| What you need to do |
Here the job is to transcribe the data verbatim while leaving each picture out.

== == ==

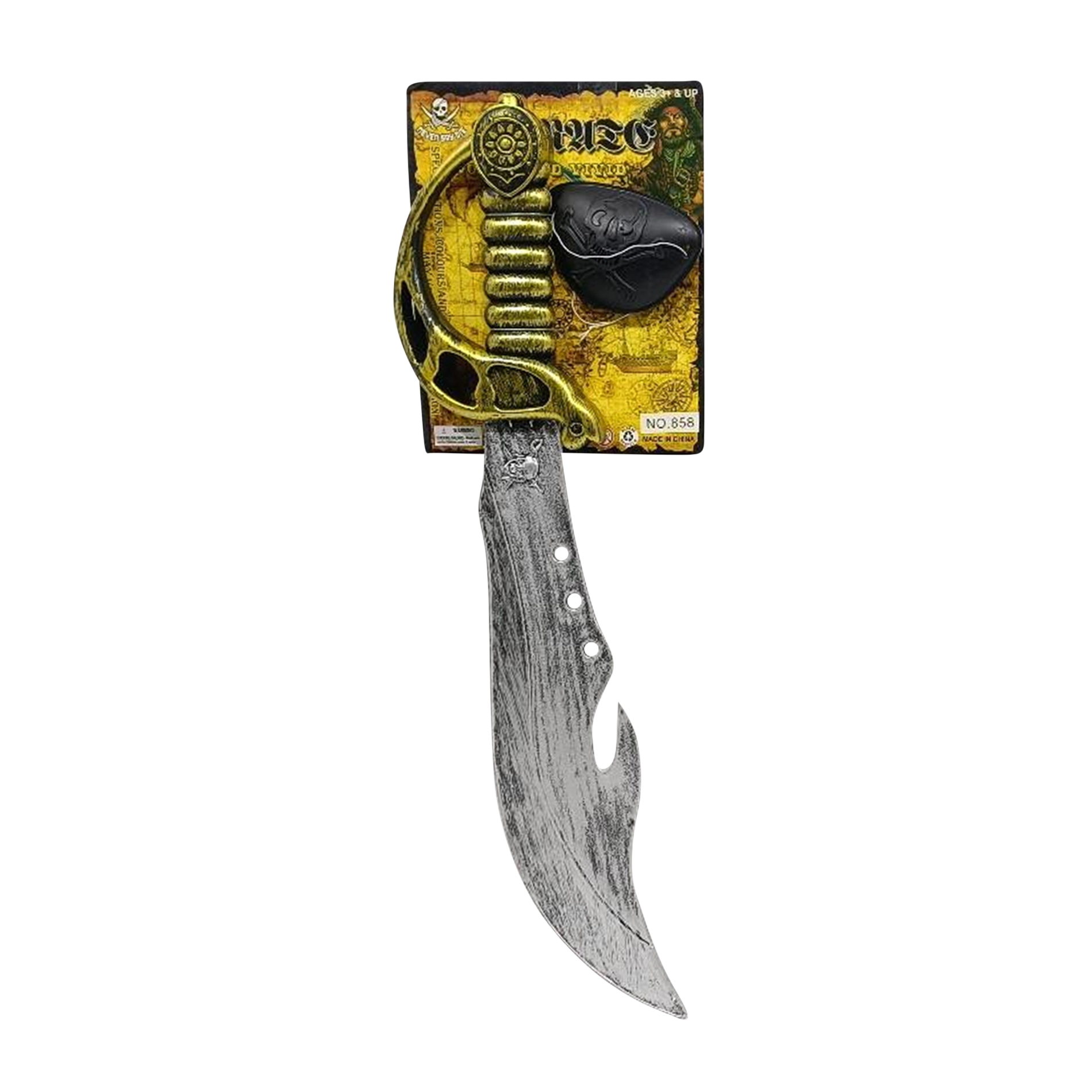 Sabie curbată cu lamă patinată și craniu pe mâner, oferind costumului detalii realiste care impresionează din prima clipă.
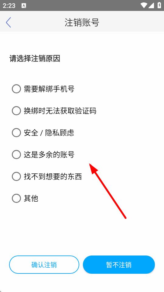 4、選擇注銷原因,然后點擊確認(rèn)注銷,按照提示完成后續(xù)操作,即可注銷賬號。
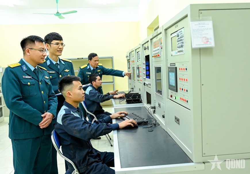| Cán bộ, nhân viên Nhà máy A34 vận hành hệ thống kiểm tra, hiệu chỉnh chi tiết khí tài. |
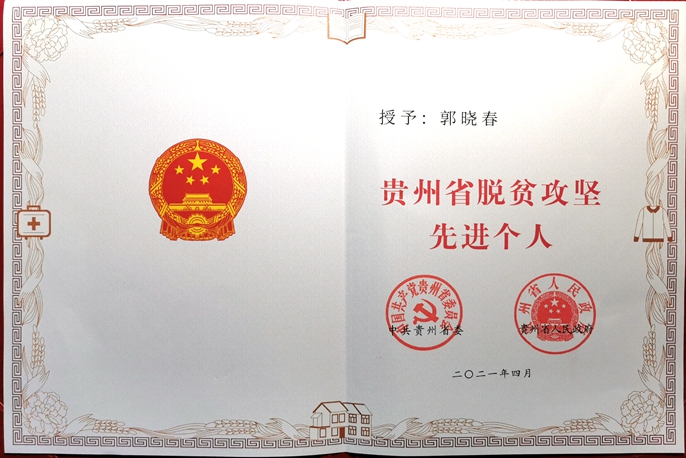 贵州省德江县地处国家级特困地区的武陵山区腹地,2019年4月,郭晓春被中国五矿选派到贵州省德江县挂职副县长。他从产业基础设施入手,为贫困村引入“源头”活水,帮助维修山塘一座、新修蓄水池3个、铺设引水管网10公里、安装滴灌设施260余亩、新修产业路7100米等,使当地成功摆脱“富水缺水”困扰。他甘当产品“推销员”,依托“娘家”优势开展消费扶贫,通过订单式采购23万多斤德江脐橙,并通过做客网络直播间为当地的金丝皇菊等特色农产品带货“出圈”,累计帮助销售农产品数百万元。积极推行“公司+贫困人口”帮扶模式,开展技能扶贫,联系十七冶教培中心传授钢筋工、砌筑工、模板工等技能实操,并引荐至十七冶贵州项目,带动建档立卡贫困户家庭10户以上;通过聘用贫困户加强茶园管理,带动石龙村及周边乡镇群众100余人在家门口就业增收。
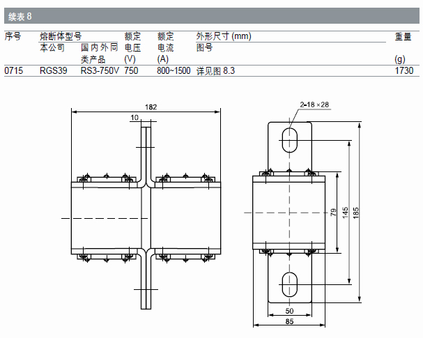 本系列熔斷體額定分斷能力至100kA。
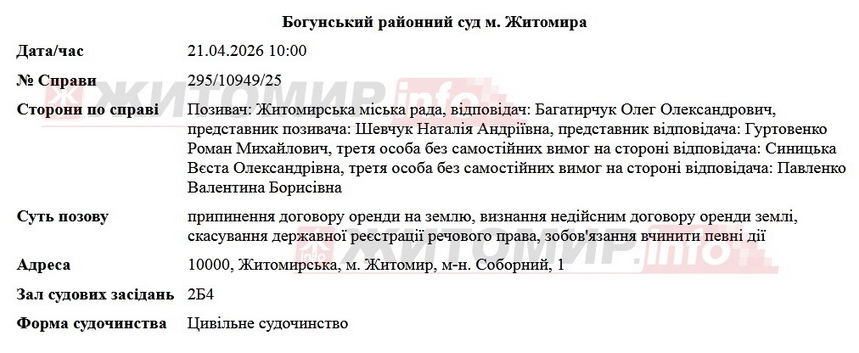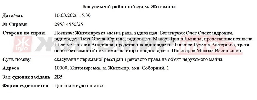 Нещодавно Житомир.info інформував про рішення Богунського райсуду від 11 лютого 2026 року, який частково задовольнив позов Житомирської міської ради: визнав недійсним договір оренди землі №188 від 15.09.2020 р. та зобов’язав Медарь Ірину Львівну винести об’єкт нерухомого майна за межі земельної ділянки кадастровий номер 1810136300:11:023:0024, відповідно за межі прибережної захисної смуги річки Тетерів, а саме шляхом знесення об`єкта нерухомого майна.
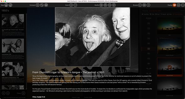 While new film renderings and editing tools are excellent additions, the new Time Machine feature is perhaps even more interesting. DxO writes, ‘DxO FilmPack 6 provides users with a true journey through time, offering an introduction to the history of analog photography from its creation to the present day. The software introduces a new way of displaying creative and analog renderings separated into 14 periods illustrated by legendary, iconic images, and famous figures in photography. Each photograph is documented from a technical and historical perspective, and users are provided with the closest rendering so they can apply it to their images and recreate a similar style and finish.’ With Time Machine, users can learn about historic photos and the processes used to create them. Users can then apply a similar film rendering to their images.

== == ==

| Result |
 Sabie curbată cu lamă patinată și craniu pe mâner, oferind costumului detalii realiste care impresionează din prima clipă.
 4、選擇注銷原因,然后點擊確認(rèn)注銷,按照提示完成后續(xù)操作,即可注銷賬號。
| Cán bộ, nhân viên Nhà máy A34 vận hành hệ thống kiểm tra, hiệu chỉnh chi tiết khí tài. |
 贵州省德江县地处国家级特困地区的武陵山区腹地,2019年4月,郭晓春被中国五矿选派到贵州省德江县挂职副县长。他从产业基础设施入手,为贫困村引入“源头”活水,帮助维修山塘一座、新修蓄水池3个、铺设引水管网10公里、安装滴灌设施260余亩、新修产业路7100米等,使当地成功摆脱“富水缺水”困扰。他甘当产品“推销员”,依托“娘家”优势开展消费扶贫,通过订单式采购23万多斤德江脐橙,并通过做客网络直播间为当地的金丝皇菊等特色农产品带货“出圈”,累计帮助销售农产品数百万元。积极推行“公司+贫困人口”帮扶模式,开展技能扶贫,联系十七冶教培中心传授钢筋工、砌筑工、模板工等技能实操,并引荐至十七冶贵州项目,带动建档立卡贫困户家庭10户以上;通过聘用贫困户加强茶园管理,带动石龙村及周边乡镇群众100余人在家门口就业增收。
 本系列熔斷體額定分斷能力至100kA。
 Нещодавно Житомир.info інформував про рішення Богунського райсуду від 11 лютого 2026 року, який частково задовольнив позов Житомирської міської ради: визнав недійсним договір оренди землі №188 від 15.09.2020 р. та зобов’язав Медарь Ірину Львівну винести об’єкт нерухомого майна за межі земельної ділянки кадастровий номер 1810136300:11:023:0024, відповідно за межі прибережної захисної смуги річки Тетерів, а саме шляхом знесення об`єкта нерухомого майна.
 While new film renderings and editing tools are excellent additions, the new Time Machine feature is perhaps even more interesting. DxO writes, ‘DxO FilmPack 6 provides users with a true journey through time, offering an introduction to the history of analog photography from its creation to the present day. The software introduces a new way of displaying creative and analog renderings separated into 14 periods illustrated by legendary, iconic images, and famous figures in photography. Each photograph is documented from a technical and historical perspective, and users are provided with the closest rendering so they can apply it to their images and recreate a similar style and finish.’ With Time Machine, users can learn about historic photos and the processes used to create them. Users can then apply a similar film rendering to their images.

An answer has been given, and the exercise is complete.